Celui-ci est celui d’un marin Philippin photographié il y a peu au travers d’un chaumard, le regard fixé vers la rivière Mersey à Liverpool. Il passe une touline, simple geste de marin, et pourtant, dans cette image, tout un monde se concentre. Au-delà du dialogue muet bien rodé avec l’équipage du remorqueur, les échanges de regards en disent long. D’un côté de l’aussière, on se dit qu’on est bien loti, que le foyer chaleureux retrouvé le soir même aura une saveur particulière. De l’autre, on s’interpelle inconsciemment devant la ruche opulente des pays occidentaux…

Le marin Philippin part parfois jusqu’à quatorze mois, loin des siens. Son pays l’y pousse, l’y organise : le gouvernement Philippin a fait de la mer un commerce national. Une part de son salaire revient à l’État, l’autre nourrit sa famille. Ainsi, pendant qu’il manœuvre cette aussière, quelque part à des milliers de milles, des enfants grandissent sans lui. En quelques années de photographie, j’ai souvent croisé des marins Philippins. Le sourire est culturel chez eux. C’est la première fois que je croise un visage aussi fermé. C’est sans doute que ma présence n’a pas été détectée…

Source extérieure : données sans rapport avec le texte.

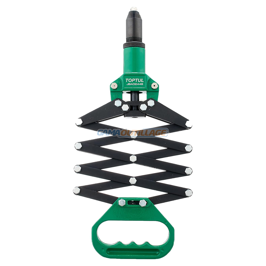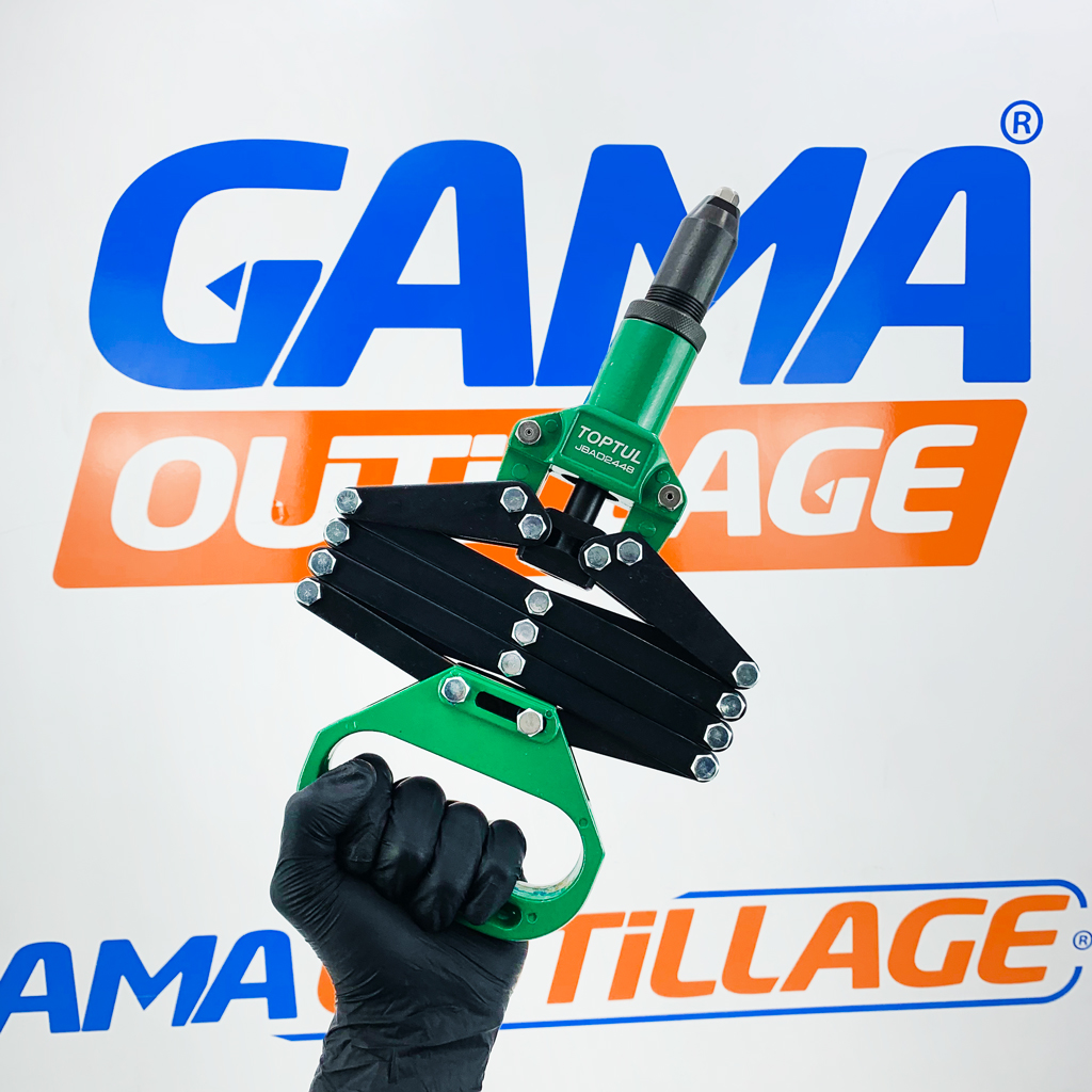 GAMAOUTILLAGE vous propose une RIVETEUSE ACCORDEON TOPTUL, est un outil robuste et fiable conçu pour les applications industrielles lourdes. Elle est dotée d’une construction entièrement en acier pour une durabilité maximale et d’un mécanisme de ciseaux puissant pour une force de rivetage élevée.

Une courte distance entre remorqueur et remorqué, certes, mais un univers entre deux mondes maritimes. Le noir et blanc renforce cette distance : il abolit la couleur des pavillons, des compagnies, pour ne garder que la texture de l’acier, de la corde, du sel et de la peau. Ce regard semble nous interroger de bien des manières.

La marine marchande Française, plus discrète, tente de tracer un autre sillage. Elle défend une voie plus juste, plus humaine : respect du marin, formation, sécurité, dignité. C’est une flotte plus modeste, mais animée par des valeurs fortes, une exception dans un système mondialisé qui, trop souvent, use les hommes comme il use les coques.

Derrière ce cercle de métal rouillé, l’homme est à la fois prisonnier et témoin. Dans son œil, à peine visible, passe tout le poids du commerce et de la mer.